[Problem] If a picture appears among the records, leave it out and set down everything else exactly as it stands.
────────────────────────────────────────
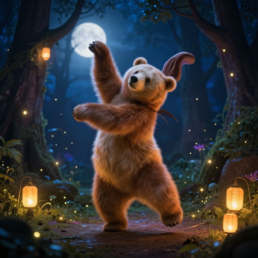 Damcingbear in a mystical forest clearing under glowing lanterns, performing an elegant dance with flowing movements, soft moonlight illuminating its fur, surrounded by fluttering fireflies and enchanting nature, vivid colors with a magical atmosphere.
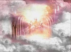 Затем мне было позволено увидеть за сухой землёй, весь путь в небеса. Там, бок о бок касаясь основаниями, были две гигантские горы. Я не знаю их высоту, но они были очень, очень высокими. Я подтянулась поближе к горам и обнаружила, что они были сделаны из твёрдого золота – золота такого чистого, оно было прозрачное. Чрез горы и за ними я увидела яркий белый свет, и этот свет увеличивался, чтобы наполнить вселенную. Я почувствовала, что это была основа, на которой сидели небеса.
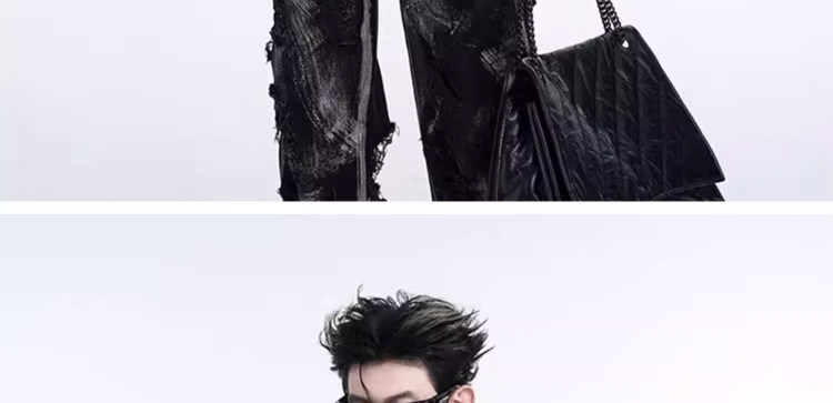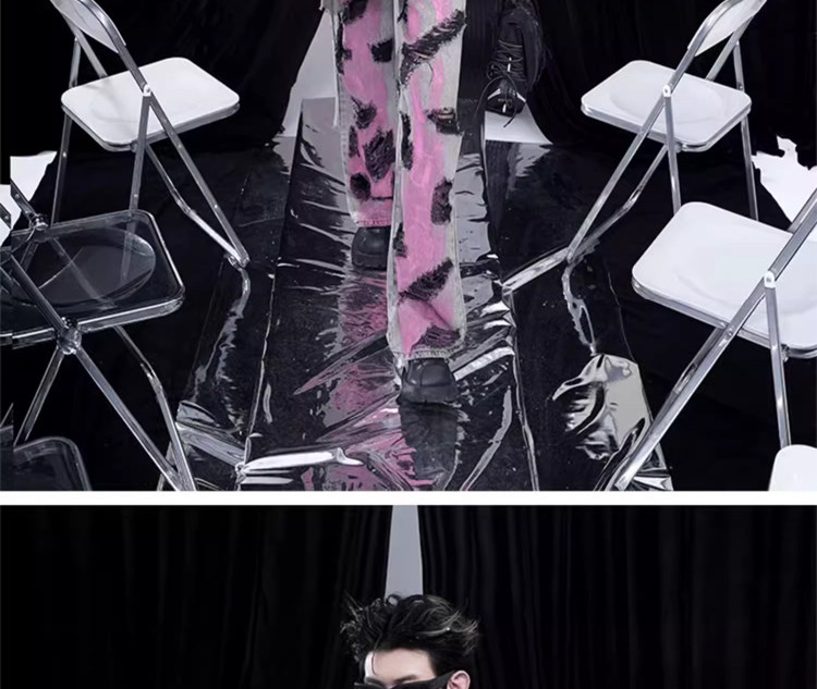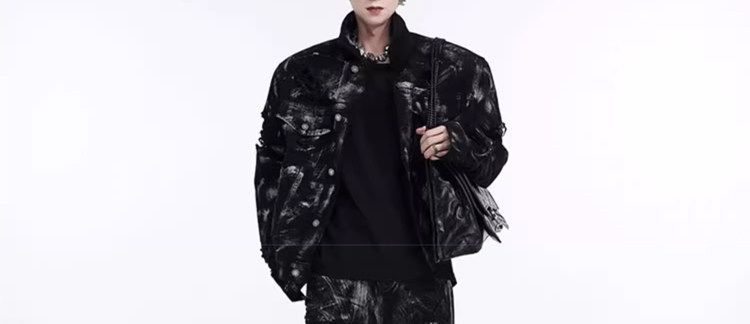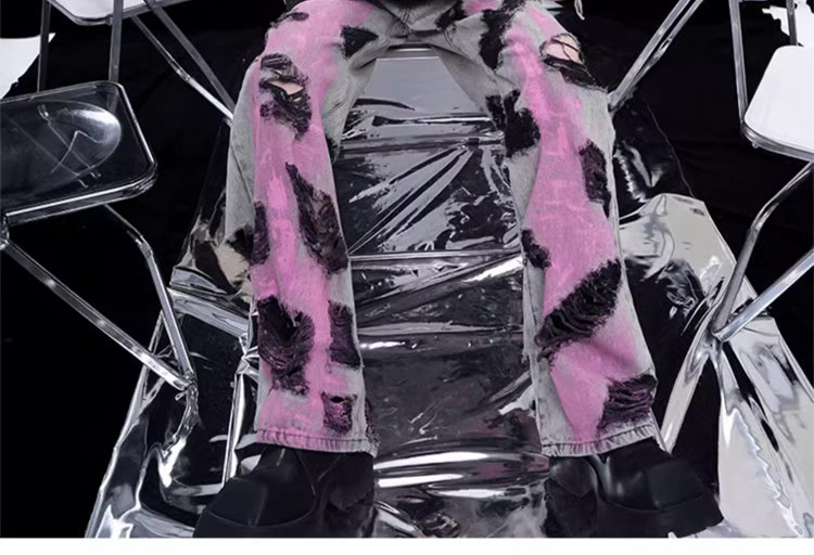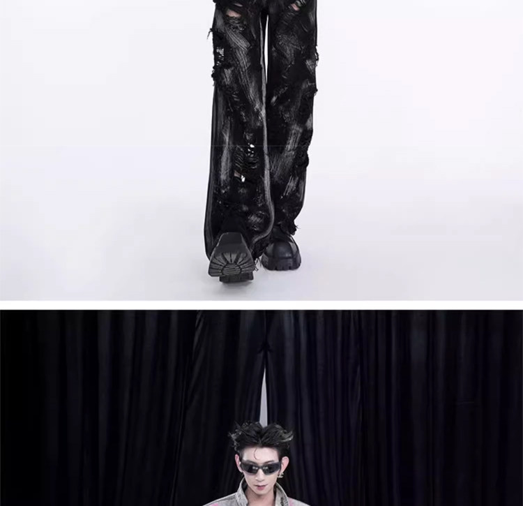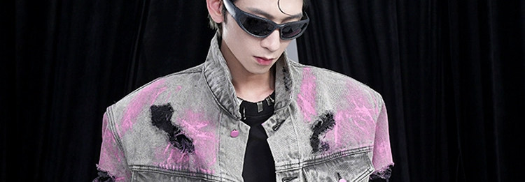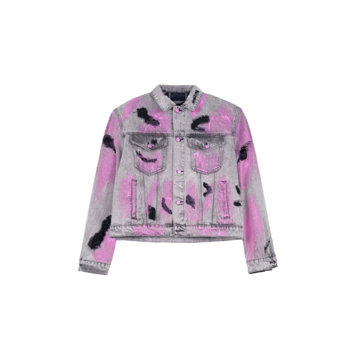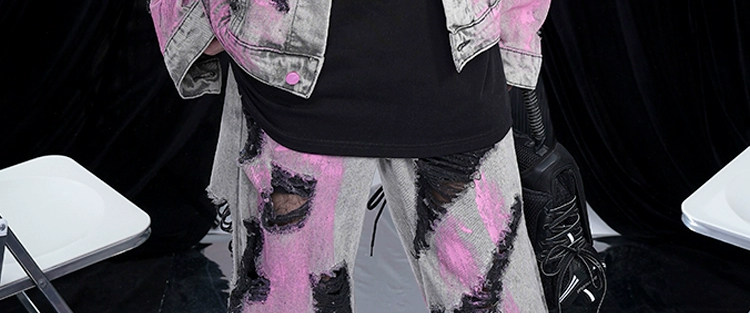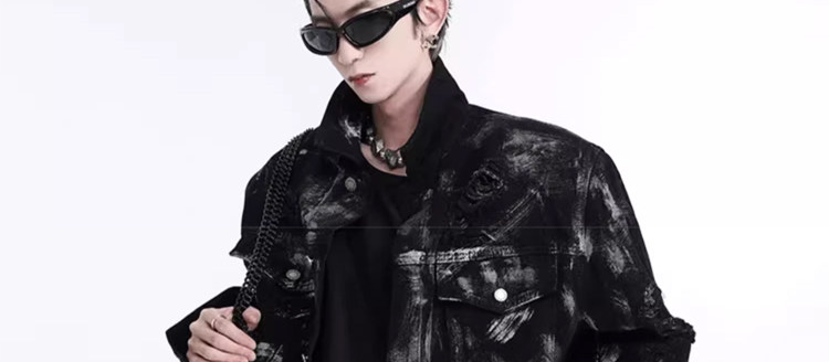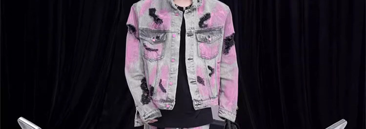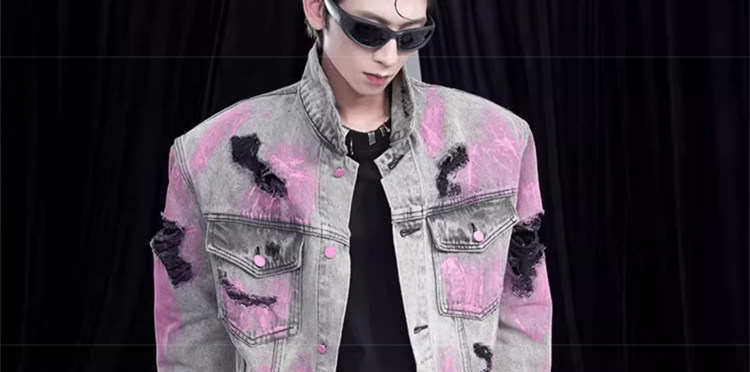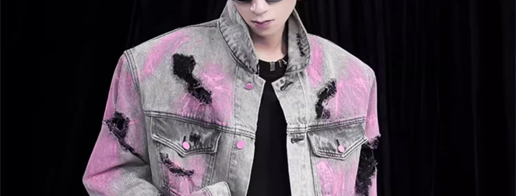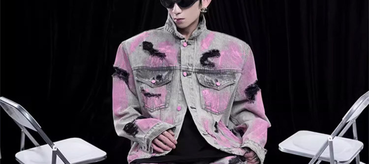 廢土風牛仔外套男歐美街頭塗鴉水洗做舊破洞墊肩夾克牛仔套裝潮牌
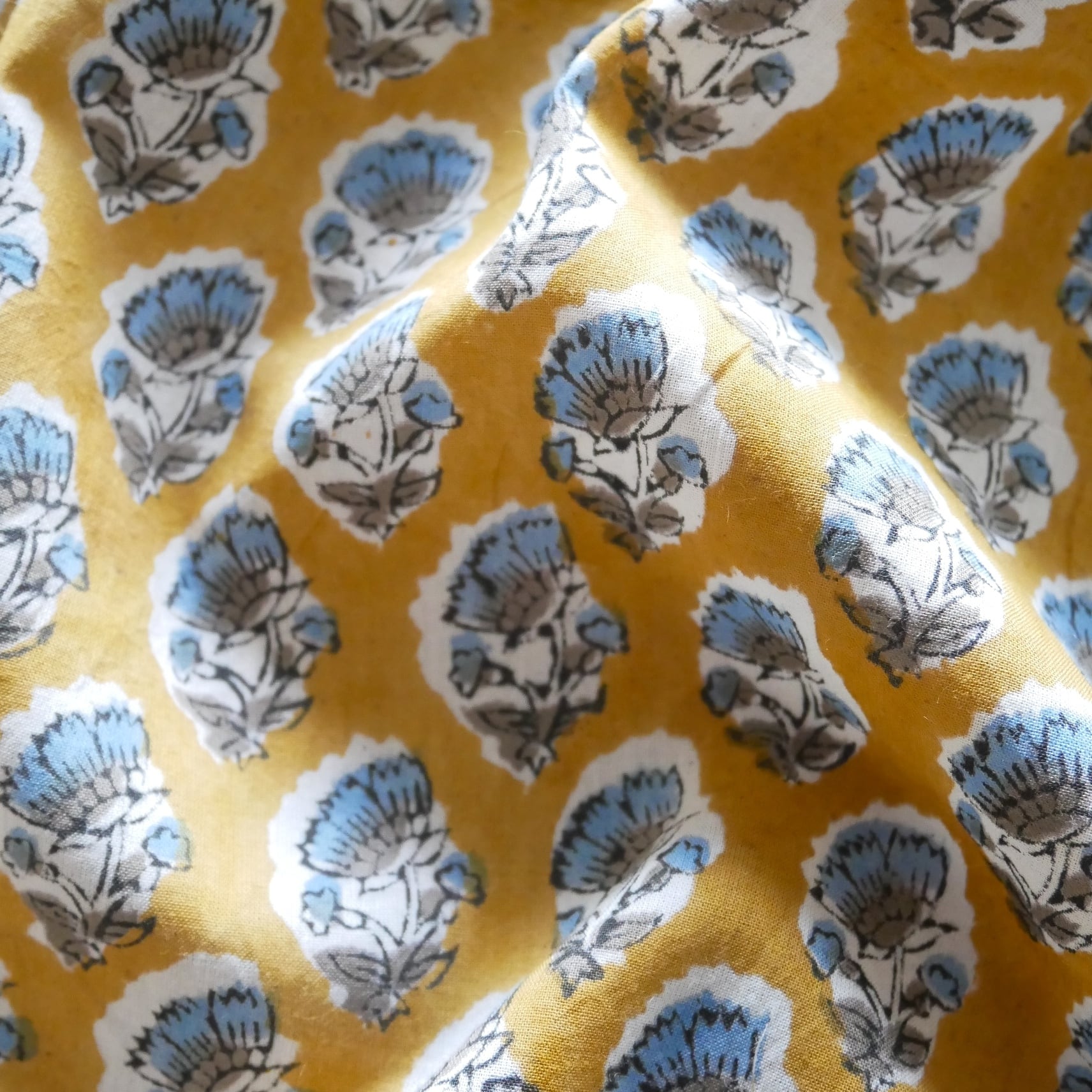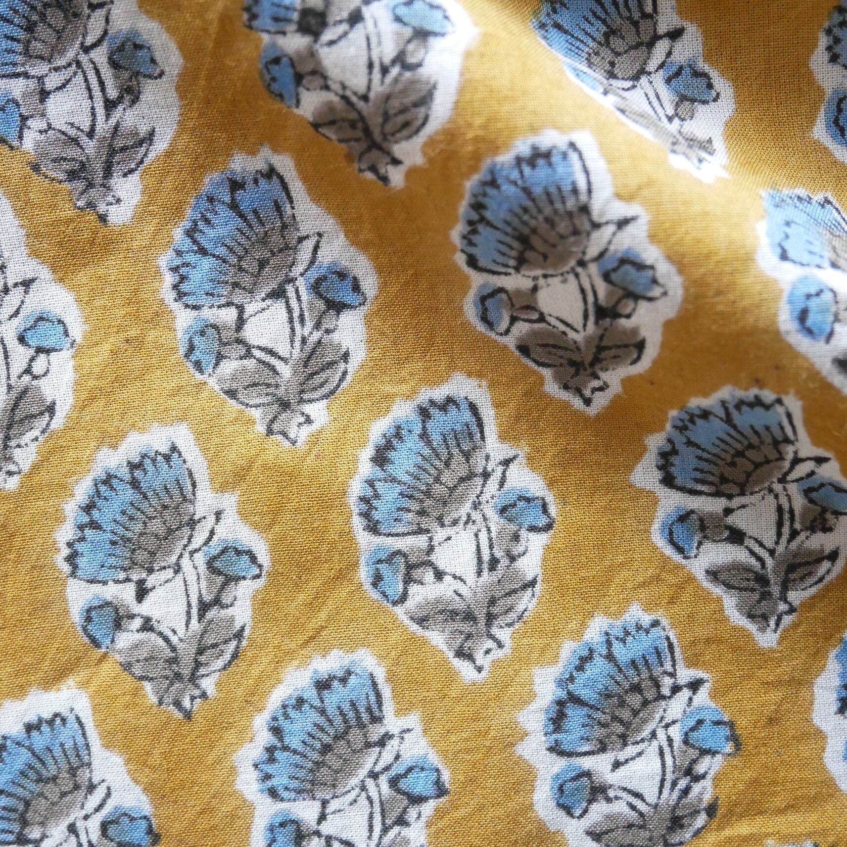 深みのあるマスタードベースに、くすんだブルーの小花が並んだSanganer(サンガネール)のハンドブロックプリント生地です。
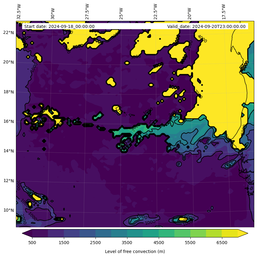 - Level of free convection (m)
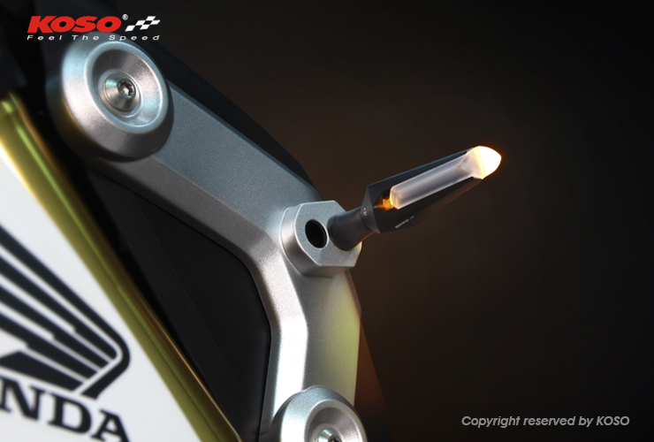Koso Mars LED indicator lights use the new High‑power LED technology. In fact, it is so bright that it uses only 1 light for an ultra‑bright luminosity. Sold in pair and available in matte black or silver, they are perfect to change the look of motorcycle without any hassle. A simple change for a better look !
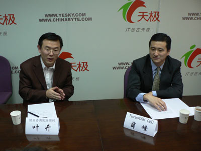 主持人:剖析行業(yè)發(fā)展趨勢,體察企業(yè)e化需求,各位網(wǎng)友下午好,感謝大家關(guān)注本期的e領(lǐng)袖對話。自2002年開始,CRM在中國取得了快速的發(fā)展,但在人們欣慰的同時還有一個現(xiàn)實讓CRM的概念可能人盡皆知,但CRM的理念卻遠(yuǎn)沒有深入人心。另外,最近一頓時間,在領(lǐng)域內(nèi)舉足輕重人物的言行以及一些知名CRM企業(yè)的變數(shù),讓人們對CRM的未來有了各種各樣的猜測和顧慮。那么CRM到底會有一個什么樣的未來,CRM為會帶給中國的企業(yè)用戶一個什么樣的未來,今天我們對話請到的是在CRM領(lǐng)域相當(dāng)資深的兩位嘉賓,看看他們會給我們一個什么樣的答案。今天這個話題引起了網(wǎng)友濃厚的興趣,在進(jìn)來之前很多網(wǎng)友已經(jīng)提出了問題,今天會把網(wǎng)友的問題結(jié)合我們話題一起進(jìn)行,請大家隨時關(guān)注,首先介紹一下今天來到對話的兩位嘉賓。一位是TurboCRMCEO薛峰。這位是獨立咨詢實施顧問葉開老師。首先歡迎兩位到來,今天話題可能跟之前不同,之前會了我們話題,隨后結(jié)合我們網(wǎng)友問題來聊。但是今天網(wǎng)友的問題和今天的主題比較切合,所以就網(wǎng)友問題和我們話題結(jié)合起來進(jìn)行,今天把首發(fā)交給網(wǎng)友,Turbo算是國內(nèi)最大的嗎?先請葉老師回答一下。
────────────────────────────────────────
[Reply to the exercise]
 Damcingbear in a mystical forest clearing under glowing lanterns, performing an elegant dance with flowing movements, soft moonlight illuminating its fur, surrounded by fluttering fireflies and enchanting nature, vivid colors with a magical atmosphere.
 Затем мне было позволено увидеть за сухой землёй, весь путь в небеса. Там, бок о бок касаясь основаниями, были две гигантские горы. Я не знаю их высоту, но они были очень, очень высокими. Я подтянулась поближе к горам и обнаружила, что они были сделаны из твёрдого золота – золота такого чистого, оно было прозрачное. Чрез горы и за ними я увидела яркий белый свет, и этот свет увеличивался, чтобы наполнить вселенную. Я почувствовала, что это была основа, на которой сидели небеса.
 廢土風牛仔外套男歐美街頭塗鴉水洗做舊破洞墊肩夾克牛仔套裝潮牌
 深みのあるマスタードベースに、くすんだブルーの小花が並んだSanganer(サンガネール)のハンドブロックプリント生地です。
 - Level of free convection (m)
Koso Mars LED indicator lights use the new High‑power LED technology. In fact, it is so bright that it uses only 1 light for an ultra‑bright luminosity. Sold in pair and available in matte black or silver, they are perfect to change the look of motorcycle without any hassle. A simple change for a better look !
 主持人:剖析行業(yè)發(fā)展趨勢,體察企業(yè)e化需求,各位網(wǎng)友下午好,感謝大家關(guān)注本期的e領(lǐng)袖對話。自2002年開始,CRM在中國取得了快速的發(fā)展,但在人們欣慰的同時還有一個現(xiàn)實讓CRM的概念可能人盡皆知,但CRM的理念卻遠(yuǎn)沒有深入人心。另外,最近一頓時間,在領(lǐng)域內(nèi)舉足輕重人物的言行以及一些知名CRM企業(yè)的變數(shù),讓人們對CRM的未來有了各種各樣的猜測和顧慮。那么CRM到底會有一個什么樣的未來,CRM為會帶給中國的企業(yè)用戶一個什么樣的未來,今天我們對話請到的是在CRM領(lǐng)域相當(dāng)資深的兩位嘉賓,看看他們會給我們一個什么樣的答案。今天這個話題引起了網(wǎng)友濃厚的興趣,在進(jìn)來之前很多網(wǎng)友已經(jīng)提出了問題,今天會把網(wǎng)友的問題結(jié)合我們話題一起進(jìn)行,請大家隨時關(guān)注,首先介紹一下今天來到對話的兩位嘉賓。一位是TurboCRMCEO薛峰。這位是獨立咨詢實施顧問葉開老師。首先歡迎兩位到來,今天話題可能跟之前不同,之前會了我們話題,隨后結(jié)合我們網(wǎng)友問題來聊。但是今天網(wǎng)友的問題和今天的主題比較切合,所以就網(wǎng)友問題和我們話題結(jié)合起來進(jìn)行,今天把首發(fā)交給網(wǎng)友,Turbo算是國內(nèi)最大的嗎?先請葉老師回答一下。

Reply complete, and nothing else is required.